The way I described this may be raw and messy, I know, but I hope the idea will find the support.
The extended primitive restart functionality will let the meshes to be constructed with primitives of different types and greatly simplify their drawing and storing in files. The quntity of gl*DrawElements* calls required to draw a single mesh will be reduced to 1 single call as all required information may be stored right in the GL_ELEMENT_ARRAY_BUFFER making the "mode" parameter of a set of gl*DrawElements* functions obsolete.

mhagain
06-13-2014, 04:27 AM
Actually strips have not been the most optimal primitive type for a long time. glDrawElements with GL_TRIANGLES is preferred (you can arrange the data in strip order if you wish, but you don't have to). id software pushed this as the optimal path for Quake III (in 1999), they give better vertex reuse, and this has been what vendors optimize around. See also http://tomsdxfaq.blogspot.ie/2005_12_01_archive.html


Let me say this just once, because academics are still spending time and money researching this subject. You're wasting your time. Strips are obsolete - they are optimising for hardware that no longer exists. Indexed vertex caches are much better at this than non-indexed strips, and the hardware is totally ubiquitous. Please go and spend your time and money researching something more interesting.

The exception is if you're talking about a mobile device where you know that strips are still preferred, but that's OpenGL ES, not OpenGL

Yandersen
06-13-2014, 07:24 AM
"...Indexed vertex caches are much better at this than non-indexed strips..." - what I see here is a comparison between indexed way of drawing of the most unoptimal primitives (GL_TRIANGLES) vs indexed GL_TRIANGLE_STRIPS - this emphasizes the performance gain from vertex post-processing cache, it has nothing to do with the actual type of the primitive. If the comparison will be made between indexed drawing of both of those types, no doubt strips will win. Well, at least the size of the index buffer will be smaller.

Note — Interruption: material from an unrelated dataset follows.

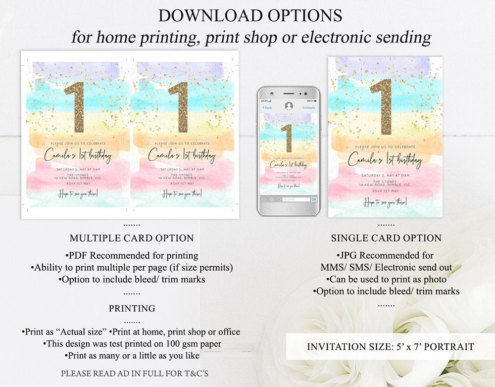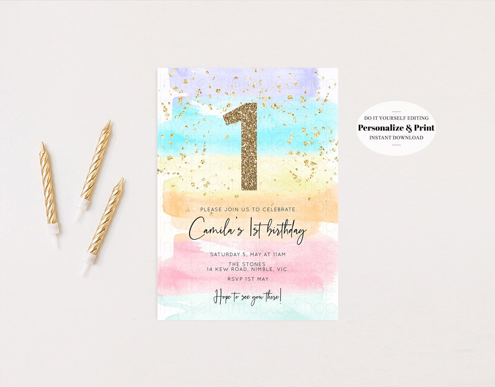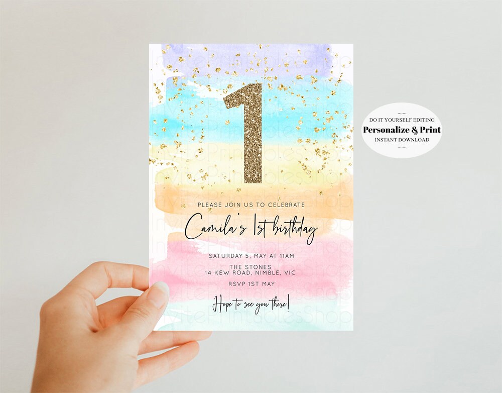 Rainbow Birthday Invitation Pastel Birthday Invitation Colorful Watercolor Invite Ombre Pastel Invitation Gold Glitter Sprinkles Invite t525

Drawing 2 connected triangles independently will require 6 invocations of a vertex shader, but if they are drawn using GL_TRIANGLE_FAN or GL_TRIANGLE_STRIPS, there will be only 4 invocations. Well, with the help of vertex post-processing cache the number of vertex shader invocations may be equal to the number of processed vertices, yes, but still there is a gain achieved by the reduction of the index buffer size, as triangles take 3*n indices and strips (or fans) take 2+n+1 indices (including the PRI), so if there is 2 or more connected triangles in a mesh, it is better to use strips or fan primitive to draw them. And in most cases any triangle in a mesh has at least 3 neighbors.

mbentrup
06-13-2014, 11:05 AM
Drawing 2 connected triangles independently will require 6 invocations of a vertex shader, but if they are drawn using GL_TRIANGLE_FAN or GL_TRIANGLE_STRIPS, there will be only 4 invocations. Well, with the help of vertex post-processing cache the number of vertex shader invocations may be equal to the number of processed vertices, yes, but still there is a gain achieved by the reduction of the index buffer size, as triangles take 3*n indices and strips (or fans) take 2+n+1 indices (including the PRI), so if there is 2 or more connected triangles in a mesh, it is better to use strips or fan primitive to draw them. And in most cases any triangle in a mesh has at least 3 neighbors.

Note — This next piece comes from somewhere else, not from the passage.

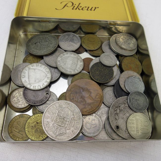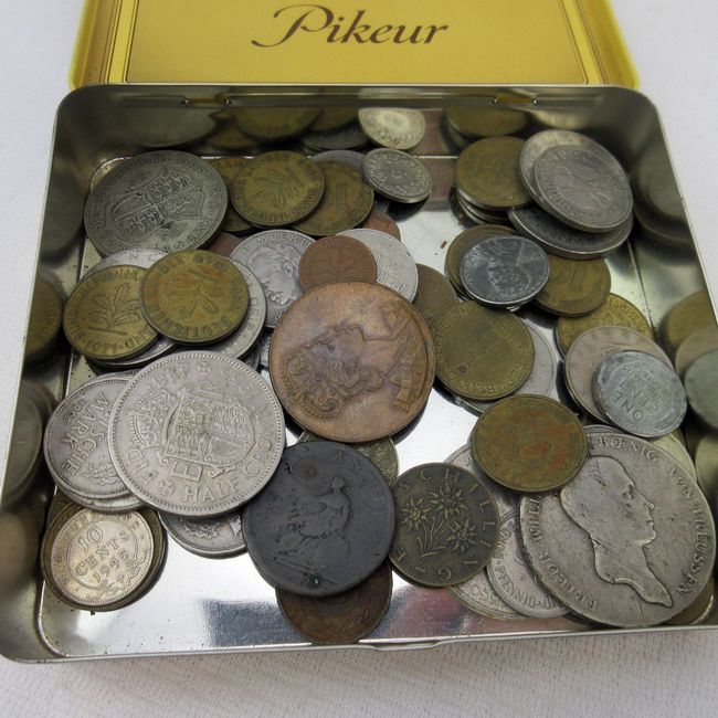 Current Bid: $62.00 [Refresh Price]YOU WILL NEED TO REFRESH THIS PAGE TO SEE UPDATED BID (Log in and this will update automatically) You must LOG IN or REGISTER to see this full page auction listing and bid. Auction is Over Winning Bid Amount: $62.00 **Lot Details: (24j) - Old metal cigar box full of world coins. Many large silver coins, 1814 Thaler, 1917 Newfoundland 25 Cent, Austria, Cuba etc Log in to add this lot to your watch list or place a bid |

For a vertex cache of size 2 or more there will be only 4 invocations for indexed triangles either.

The gain in index buffer size is only relevant if you actually build long strips, but in that case you can't make effective use of the vertex cache:

In an optimal triangle mesh, every vertex is part of 6 triangles, but in a strip it is only part of at most 3 triangles, so (on average) every vertex has to be part of two strips. If you optimize for long strips to reduce memory consumption, you'll no longer have that vertex cached the second time it is needed, so you need twice the number of vertex shader invocations for strips.

Yandersen
06-13-2014, 03:46 PM
So am I just outdated? Are you guys saying everybody nowadays using triangles only and nobody bother with strips and fans? So there will be no use for the proposed extension at all? :confused:


In an optimal triangle mesh, every vertex is part of 6 triangles, but in a strip it is only part of at most 3 triangles, so (on average) every vertex has to be part of two strips. If you optimize for long strips to reduce memory consumption, you'll no longer have that vertex cached the second time it is needed, so you need twice the number of vertex shader invocations for strips.
If I have such mesh that could be tessellated onto long strips - long enough to extend the capacity of the cach - I can't imagine how could I draw it with triangles to make a better use of cache. Drawing it area-by-area will still make border vertices outcached. Perhaps it may be even worse than with strips. Still, strips can be trimmed into the smaller sizes, and even after that the amount of indices will be smaller comparing to what the individual triangles will take.

mhagain
06-13-2014, 05:42 PM
In an optimal triangle mesh, every vertex is part of 6 triangles, but in a strip it is only part of at most 3 triangles, so (on average) every vertex has to be part of two strips. If you optimize for long strips to reduce memory consumption, you'll no longer have that vertex cached the second time it is needed, so you need twice the number of vertex shader invocations for strips.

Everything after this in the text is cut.